State too small: omitting deadline pressure or hidden traffic breaks the Markov property; policies look optimal on paper and fail in production.
State too large: curse of dimensionality makes value iteration impossible; discretization must be purposeful, not naive per-pixel.
Misspecified rewards: optimizing the wrong R yields perverse policies (skipping hard stops, hoarding easy ones).
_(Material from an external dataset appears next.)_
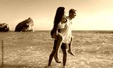 Carefree summer moments by the sea. Best friends, couple laughing, playing, and soaking up the sun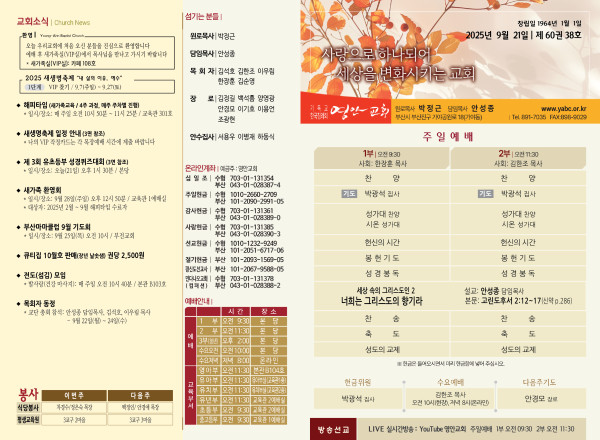 2025년 9월 21일 주보 페이지 정보 작성자 관리지기 작성일25-09-20 10:36 조회1,249회 댓글0건 관련링크 목록 본문 2025년 9월 21일 주보 댓글목록 등록된 댓글이 없습니다. 목록

Align rewards with business KPIs and audit edge cases.
Stale transition model: empirical P from last quarter's traffic mis-predicts holiday behavior; schedule model refresh and drift monitors.
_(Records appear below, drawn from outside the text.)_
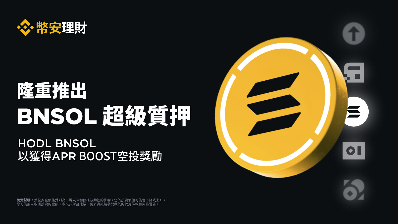只有完成身份認證且質押SOL至BNSOL的用戶。持有BNSOL的幣安母賬戶和子帳戶亦能獲得APR Boost空投獎勵;
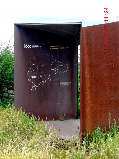 Paneles metálicos con la información del románico,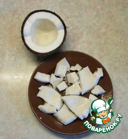 Кокос чистим, натираем на мелкой терке.
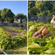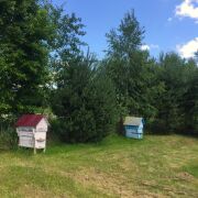 Большое количество насаждений: плодовые деревья и сортовые ягодные кустарники, декоративные растения, разнообразие цветов. Установлены ульи.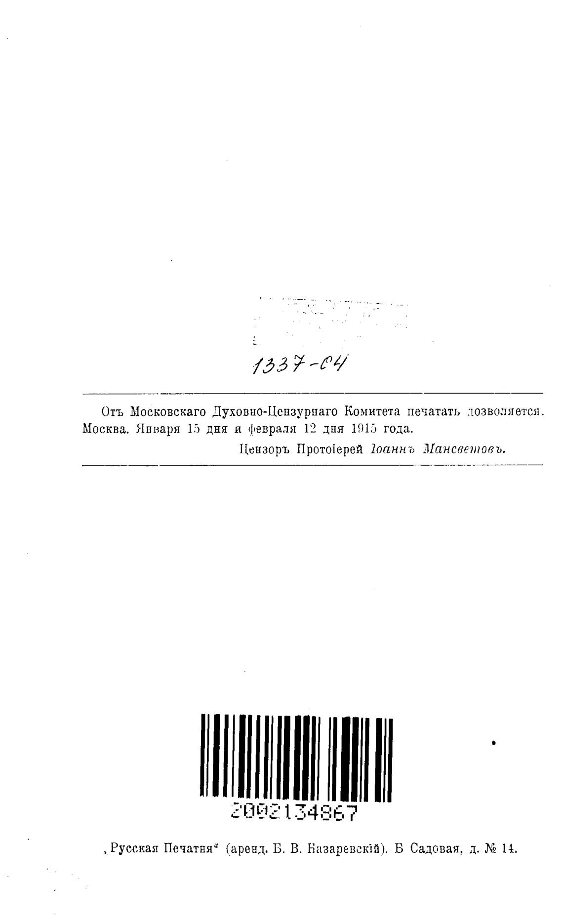 Отъ Московскаго Духовно-Цензурнаго Комитета печатать дозволяется.

Discount mismatch: using γ = 0.9 on a problem stakeholders evaluate monthly undervalues late penalties.
Ignoring partial observability: treating POMDPs as MDPs without belief state causes oscillation (repeatedly revisiting wrong corridors).
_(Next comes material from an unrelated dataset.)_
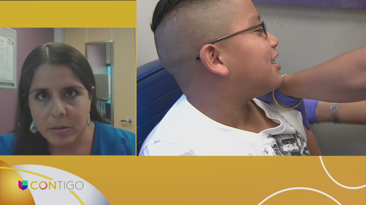 Cassandra Duran, enfermera avanzada de familia del programa de clínicas móviles de Texas Children’s, explica que es requisito que los menores tengan el esquema de vacunación completo antes del regreso a clases.

Skipping simulator validation: deploy policies through shadow mode or historical replay before touching live drivers or trading capital.

Practitioner checklist

Define the decision epochs (per stop, per minute, per trade) and episode boundaries.
List state variables that render the future independent of the past; add hidden factors or move to POMDP if needed.
Specify action constraints per state (capacity, legal moves, risk limits).
Estimate or simulate P(s'|s,a); document data window and non-stationarity risks.
Design R with stakeholders; test reward hacking scenarios on paper.
Choose discount or average-reward criterion matching the business horizon.
Solve with value iteration, policy iteration, or linear programming for small models.
Validate policy via simulation, historical replay, and small live A/B before full rollout.
Monitor KPI drift; trigger model refresh when transition errors or value residuals spike.
Document state abstraction, γ, and policy extraction for audit and handoff to RL teams if scaling up.

Key takeaways

An MDP formalizes sequential decisions with the tuple (S, A, P, R, γ) and the Markov property on states.
Policies induce value functions V^π and Q^π; optimal policies maximize expected discounted return via Bellman optimality.
Value and policy iteration solve small tabular MDPs exactly when the transition model is known.
State design and reward specification dominate engineering effort; wrong abstractions cannot be fixed by a better solver.
Large or unknown models hand off to MCTS, function approximation, and deep RL — but the MDP framing remains the blueprint.